Hooked on Literature - Part 4

My students were more than willing to accept the play’s action/narrative until the dénouement. Then they balked. They felt the King of France’s intervention in extremis through the intermediary of his Exempt de Police was completely implausible.


Those who are familiar with the play will recall that just as Orgon and his family are about to be despoiled and Orgon apprehended as an enemy of the state, Louis XIV, acting through his Police Inspector, unmasks Tartuffe as a dangerous criminal, orders him seized and thrown into prison, and restores Orgon’s wealth and honour. I could understand my students’ reaction. In fact, I was expecting it. The conclusion of the play is too good to be true since the king intervenes as a deus ex machina to save the family from a dreadful fate and to punish an obnoxious evil-doer.


But, as I told my students, this is the point Molière wants to make and he makes it with this artificial ending.
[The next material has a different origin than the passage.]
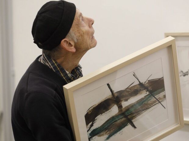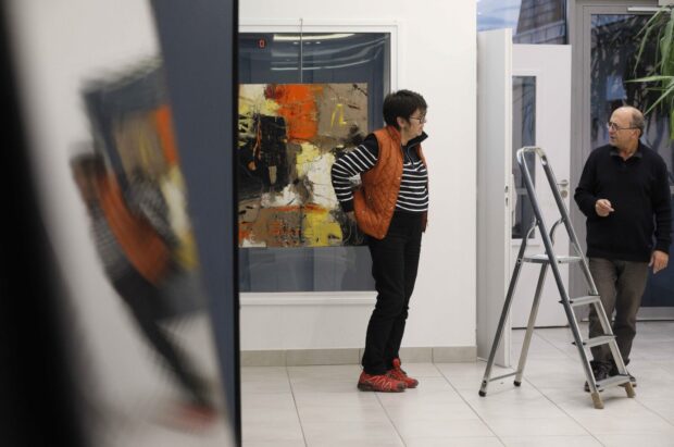 Denis Pugnère lors de l’installation de l’exposition – par Valérie Thévenot

Through this fairy-tale conclusion, the playwright implies that in real life Virtue and justice would not necessarily have triumphed, and crime would not necessarily have been punished. We have been witnessing a comedy, and so the ending had to be a happy one. If Molière had conceived his play as a serious drama, however, the action could have ended in a very different way. I added that although Molière wanted his audiences to laugh at our human foibles, he also wanted them to think of the dreadful consequences resulting from stupid behaviour. And my students agreed with me that he did succeed brilliantly.  
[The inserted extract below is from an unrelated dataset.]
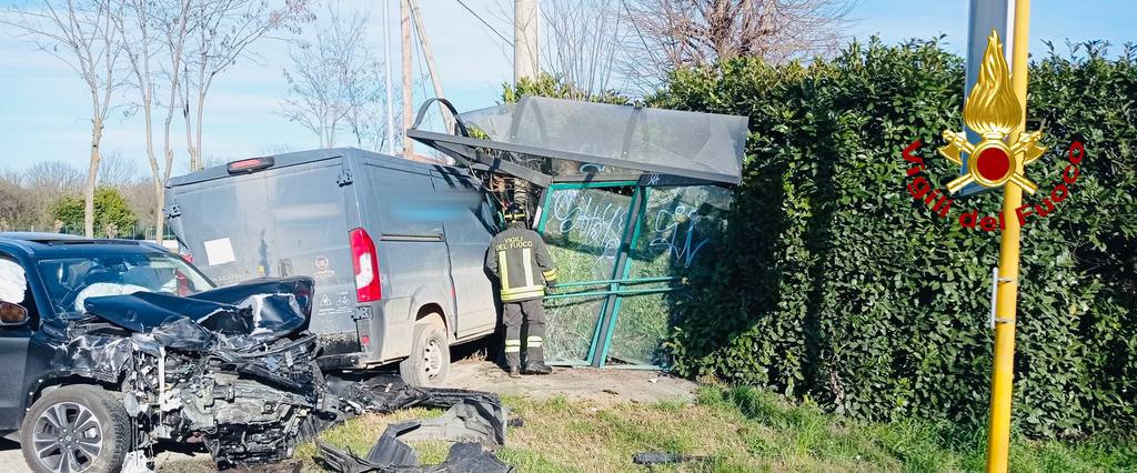 Veneto – Scontro tra furgone Amazon e SUV: tre feriti, grave corriere soccorso in elicottero. Travolte una pensilina e una cabina Enel

During the course of our discussions, my students noticed that there were among themselves differences of interpretation of the play as well as of the characters. And they were struck by the fact that their views did not always or necessarily coincide with mine. I told them not to worry about it. Great literature, I assured them, is characterized by its polyvalence of expression. A text like Tartuffe explores a region of the human condition so complex and ambivalent that there cannot be one single, definitive assessment of it. And thank goodness for that, otherwise what would be the point of reading works written several hundred years ago?


It is perfectly legitimate, I told them, to extend a given text provided one does not reach conclusions that contradict it. I then referred to the French director, Roger Planchon’s famous setting of Molière’s play. He imagines Tartuffe and his adulator, Orgon, in a homosexual relationship. Granted, there is nothing in the play that explicitly corroborates this angle. On the other hand, there is absolutely nothing in the text that contradicts it.